Robert Haas <robertmh...@gmail.com> writes:
> I'm not entirely happy with the way I handled the variable-length
> struct, although I don't think it's horrible, either. I'm willing to
> rework it if someone has a better idea.

I don't like the way you did that either (specifically, not the kluge
in NUMERIC_DIGITS()).  It would probably work better if you declared
two different structs, or a union of same, to represent the two layout
cases.

A couple of other thoughts:

n_sign_dscale is now pretty inappropriately named, probably better to
change the field name.  This will also help to catch anything that's
not using the macros.  (Renaming the n_weight field, or at least burying
it in an extra level of struct, would be helpful for the same reason.)

It seems like you've handled the NAN case a bit awkwardly.  Since the
weight is uninteresting for a NAN, it's okay to not store the weight
field, so I think what you should do is consider that the dscale field
is still full-width, ie the format of the first word remains old-style
not new-style.  I don't remember whether dscale is meaningful for a NAN,
but if it is, your approach is constraining what is possible to store,
and is also breaking compatibility with old databases.

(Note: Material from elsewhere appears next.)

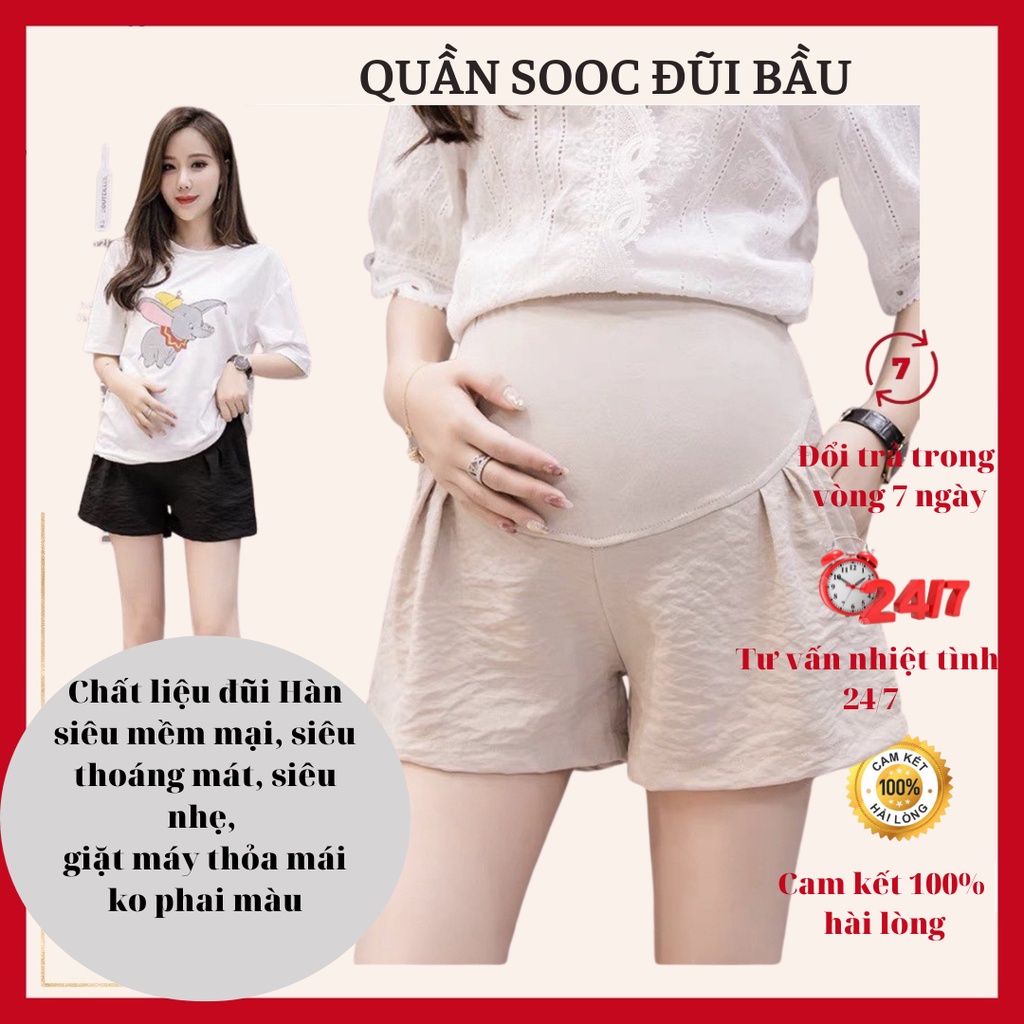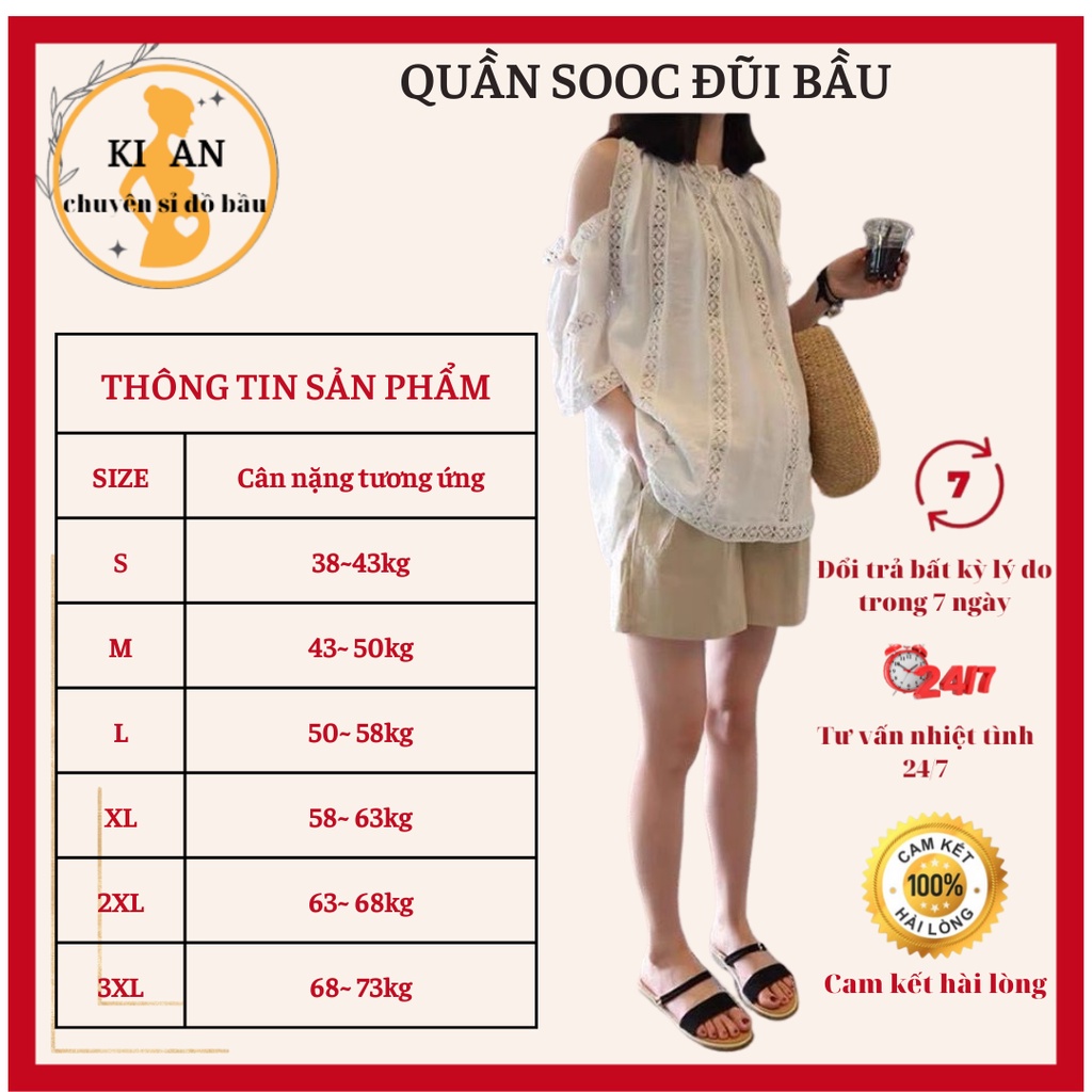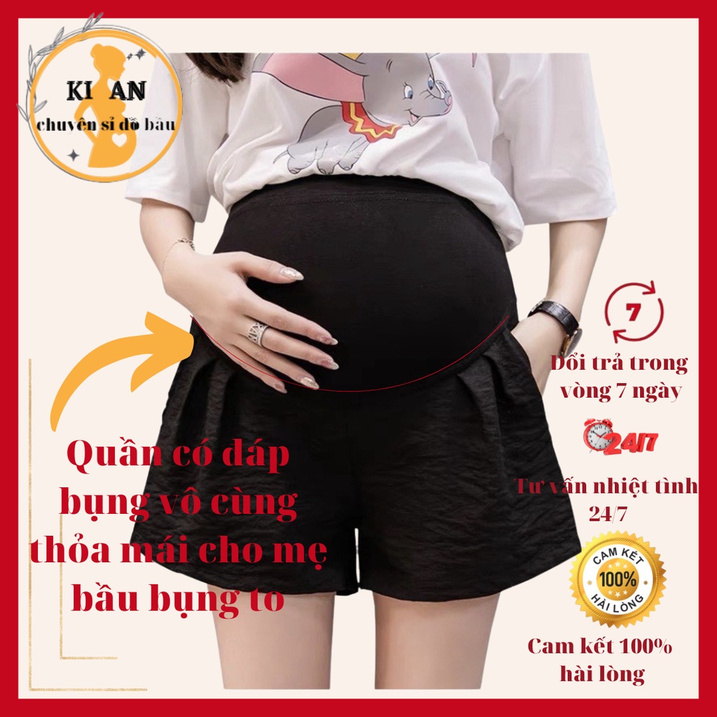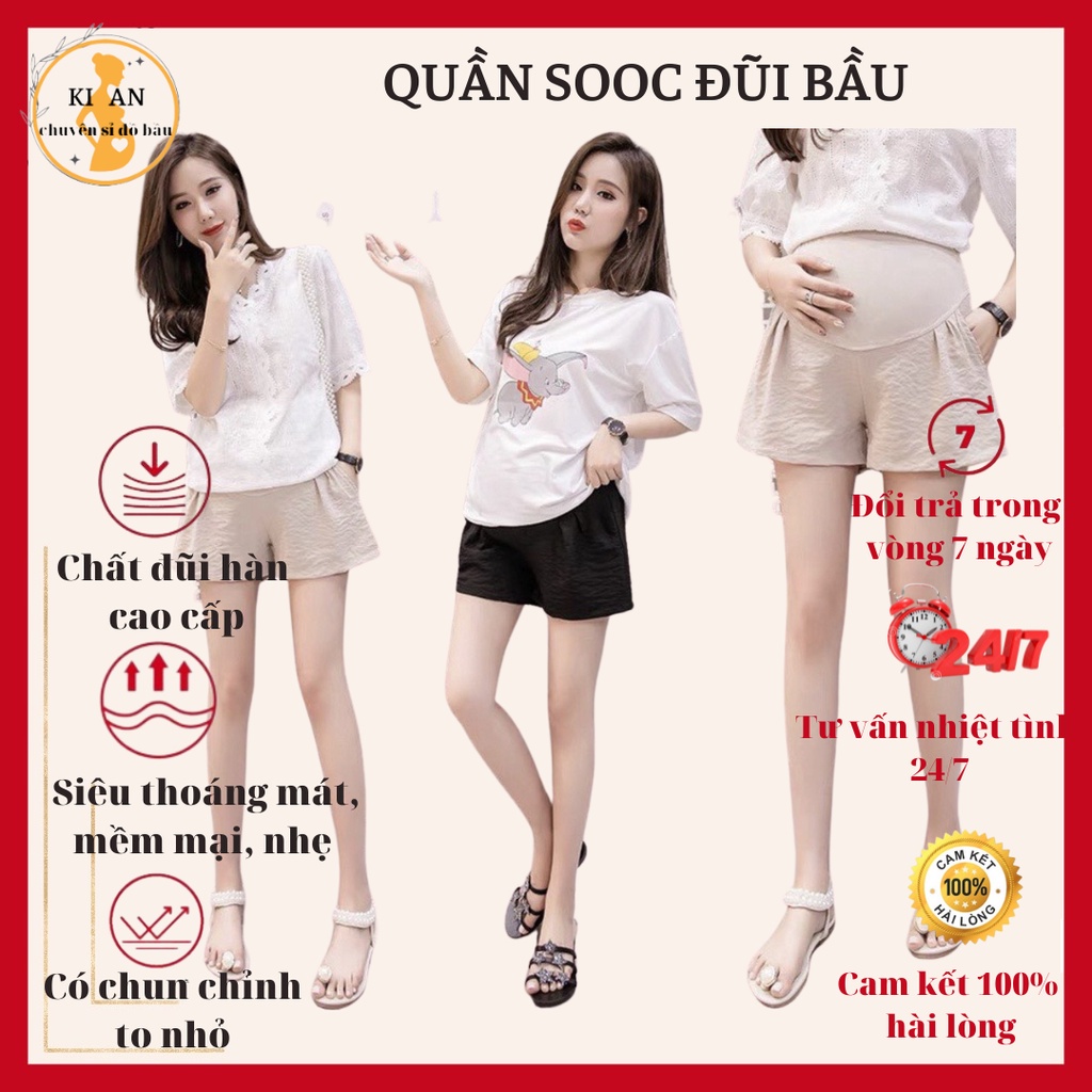 Quần sooc bầu Ki An QB111 chất đũi Hàn siêu mát co giãn nhẹ💕quần đùi bầu có đáp bụng và chun chỉnh☘️size s~3xl

Also, I wonder whether you can do anything with depending on the actual
bit values of the flag bits --- specifically, it's short header format
iff first bit is set.  The NUMERIC_HEADER_SIZE macro in particular could
be made more efficient with that.

The sign extension code in the NUMERIC_WEIGHT() macro seems a bit
awkward; I wonder if there's a better way.  One solution might be to
offset the value (ie, add or subtract NUMERIC_SHORT_WEIGHT_MIN) rather
than try to sign-extend per se.

Please do NOT commit this:

                                (errcode(ERRCODE_NUMERIC_VALUE_OUT_OF_RANGE),
!                                errmsg("value overflows numeric format %x w=%d 
s=%u",
!                                       result->n_sign_dscale,
!                                       NUMERIC_WEIGHT(result), 
NUMERIC_DSCALE(result))));

or at least hide it in "#ifdef DEBUG_NUMERIC" or some such.

Other than that the code changes look pretty clean, I'm mostly just
dissatisfied with the access macros.